OK. So you’re not in the pocket of Big Pharma, I’m sure a receipt for how you paid for this house or not.
Big Pharma did not pay for the house. I have to say, and I’ve been an outspoken critic of Big Pharma, and actually Adam and I are both quite angry at the prices they are charging for Premarin and other medications.
That’s a separate issue for me.
The basic question is what is best for women?
And to try to separate that from two constituencies who believe strongly that estrogen is bad or harmful for women. One is the medical establishment has often said this pervasive paradigm that estrogen causes breast cancer. But the other comes from many women’s health activists and feminists who have been arguing against estrogen since the awful days of feminine forever decades ago. The idea that women aren’t, you know, natural or healthy or something unless they unless they take estrogen. And so many women have opposed the notion that there’s something the matter with women once they enter menopause, that they need some kind of. Correct, correcting, correcting. But for me, as a feminist skeptic and scientist, the unifying question is what is best and healthiest for women? And I have had to face my own dissonance in looking at the evidence that often first presented for me so many years ago about the benefits of hormone replacement therapy.
Well, and I mean I mean, I’m sure there is this issue of because the medical establishment, establishment elite traditionally has been mostly male where there is might be this risk, as you alluded to, Avrum, that just get over it. What? It’s just a little bit of swearing. We’ll see what that’s, you know, what are you complaining about and not taking some of these real symptoms seriously? They’re disruptive.

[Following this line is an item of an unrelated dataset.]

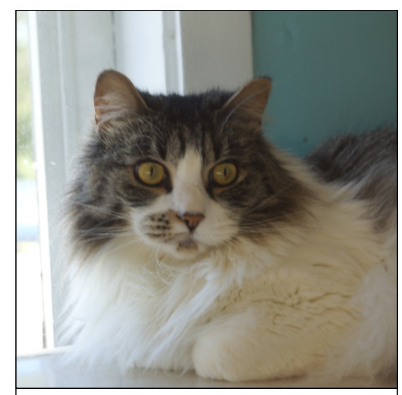
Delila requires a special diet.

Gathering detailed information helps the staff to know how to care for the animal while they are at the shelter and also helps in future placement. Environment plays a large part in the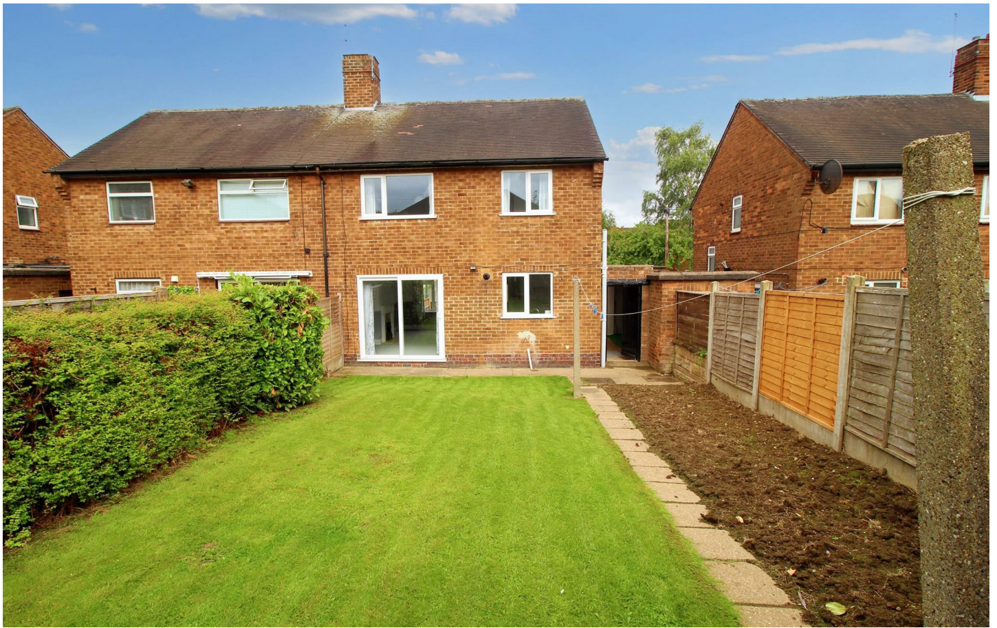
A Beautifully Presented Three-Bedroom Semi-Detached House.

Situated in this popular and convenient residential location, readily accessible for a wide range of local shops and amenities including; schools and transport links, this fantastic property is considered an ideal opportunity for a variety of potential purchasers including; first time buyers, young professionals and families.

Well, and they weren’t the symptoms. So many of them aren’t associated with menopause, such as depression, joint pain, muscle aches, you know, and certainly sexual dysfunction, sexual dissatisfaction, loss of libido, vaginal dryness and so forth. And, you know, just just try saying to men, OK, guys, you’re 50, you’ve had enough sex.
Now, you don’t need any more sex for the next thirty seven years of your life. Just get on with it. Okay. How many men would say that? They’re certainly not.
They’re rushing off to take testosterone, which by the way, what what that is a terrible irony in this is that today many women are more likely to be given testosterone for sexual functioning than estrogen when estrogen would be more beneficial and testosterone has far more risks.
And we used to be told that menopause symptomatic menopause lasts approximately two years in over 50 percent of women. It lasts over eight and a half years. And some women have it for decades. And so even the teaching there was sloppy. And as long as you mention men, of which I happen to be one, as about as many men die in this country each year of prostate cancer as women die of breast cancer and testosterone is linked more closely to prostate cancer than estrogen is to breast cancer. One of the ways we used to treat women who had breast cancer under the assumption that estrogen causes breast cancer is we used to take out a woman’s ovaries if she was premenopausal to help prevent recurrence. There were seven large studies in the medical literature looking at that, and none of them showed that it decreases the risk of recurrence. Do you know how many studies of orchiectomy castrating men who had prostate cancer to prevent recurrence have been conducted? Probably not. And there never will be.
Are you going to get volunteers that so many.
That so many. And by the way, let’s just throw this one and two, because this was a real shocker to me.
People think that estrogen diminishes at menopause, declines in the way testosterone declines over time. It doesn’t decline. It plummets. It vanishes. The levels of estrogen for women after menopause declined to one percent of what they were premenopausal. That’s not a mild slope. That’s a drop off the cliff. And I think that is one of the reasons that the kind of symptoms that women have during menopause can be so severe. And by the way, not all women have all of these symptoms or truly suffer for a long time.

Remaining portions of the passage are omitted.